EXERCISE »
All entries are to be quoted exactly; the images stay out of the copy.

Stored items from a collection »

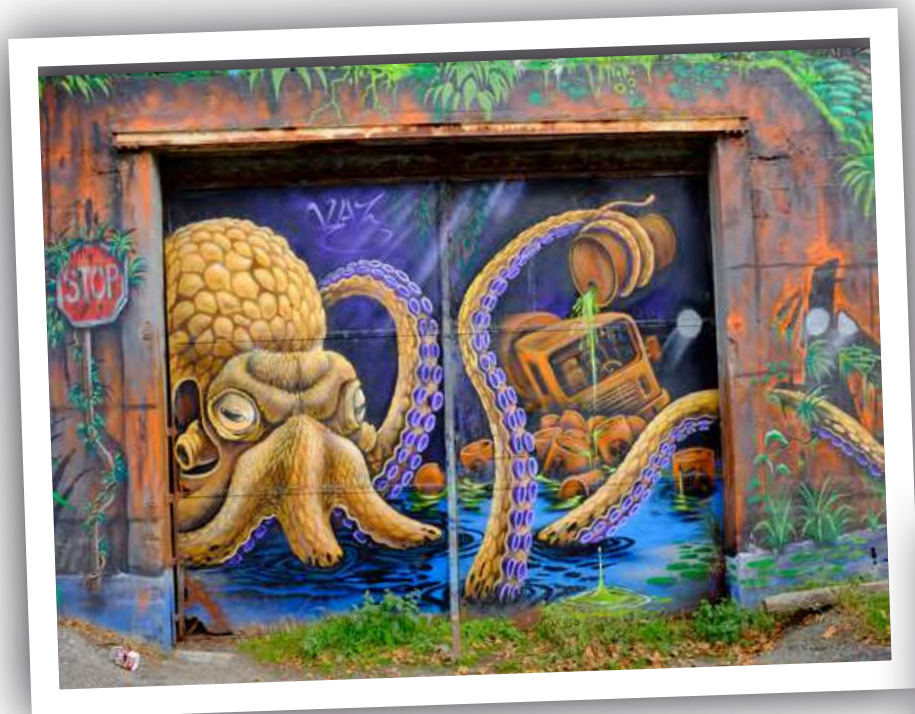
Street art Avenue de la Perrière.
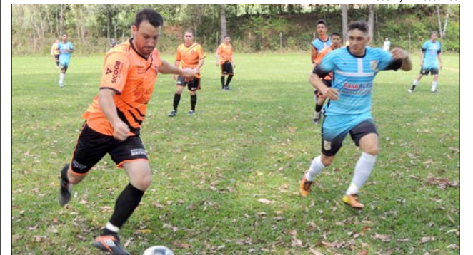
Piratini e Unidos Futebol Clube ficaram no 0 X 0
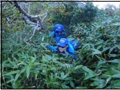
双子池付近の笹藪に覆われた登山道
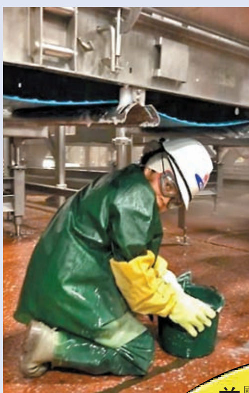
◆涉事肉類加工廠內有疑似童工進行清潔。

美國勞工部17日宣布，當地最大的食品安全衛生服務商之一「包裝工衛生服務公司」(PSSI)僱用至少102名童工，在肉類加工廠從事高危工作，最年幼者僅有13歲。他們需使用大量危險設備，更有童工因接觸腐蝕性清潔劑被灼傷皮膚。PSSI被裁定只需支付150萬美元罰款，多名勞工權益專家直言嚴重的僱用童工違法行為沒有遭到嚴格處罰，根本不足以阻止僱主違規，美國童工問題只會愈演愈烈。
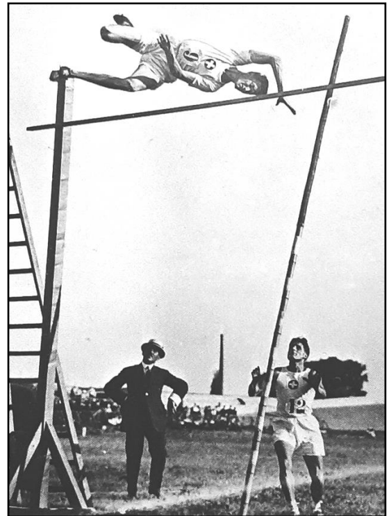
Juste après le saut à la perche, Ernst Gerspach pointe au quatrième rang du décathlon olympique

Le classement final de ce décathlon des Jeux Olympiques de 1924 à Paris est le suivant :
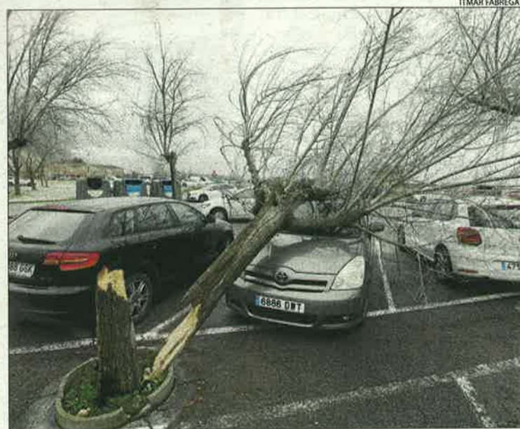
Un arbre va caure ahir sobre un cotxe al pàrquing d'INEFC a Lleida.
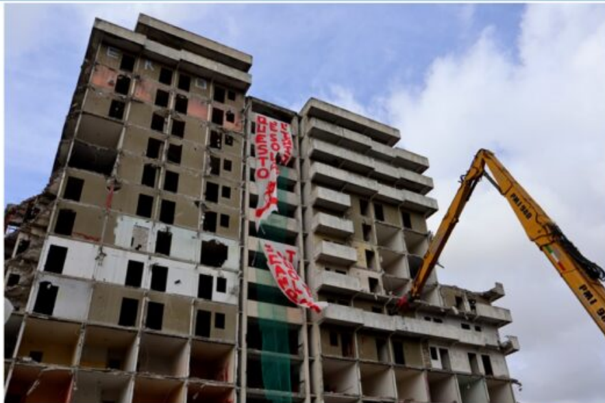
Abbattimento Vela A Le prime fasi dei lavori
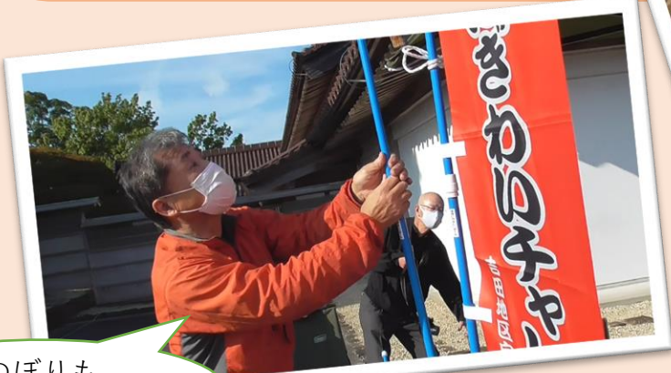
のぼりも 作りました！

YOUR SOLUTION »
Street art Avenue de la Perrière.
Piratini e Unidos Futebol Clube ficaram no 0 X 0
双子池付近の笹藪に覆われた登山道
◆涉事肉類加工廠內有疑似童工進行清潔。

美國勞工部17日宣布，當地最大的食品安全衛生服務商之一「包裝工衛生服務公司」(PSSI)僱用至少102名童工，在肉類加工廠從事高危工作，最年幼者僅有13歲。他們需使用大量危險設備，更有童工因接觸腐蝕性清潔劑被灼傷皮膚。PSSI被裁定只需支付150萬美元罰款，多名勞工權益專家直言嚴重的僱用童工違法行為沒有遭到嚴格處罰，根本不足以阻止僱主違規，美國童工問題只會愈演愈烈。
Juste après le saut à la perche, Ernst Gerspach pointe au quatrième rang du décathlon olympique

Le classement final de ce décathlon des Jeux Olympiques de 1924 à Paris est le suivant :
Un arbre va caure ahir sobre un cotxe al pàrquing d'INEFC a Lleida.
Abbattimento Vela A Le prime fasi dei lavori
のぼりも 作りました！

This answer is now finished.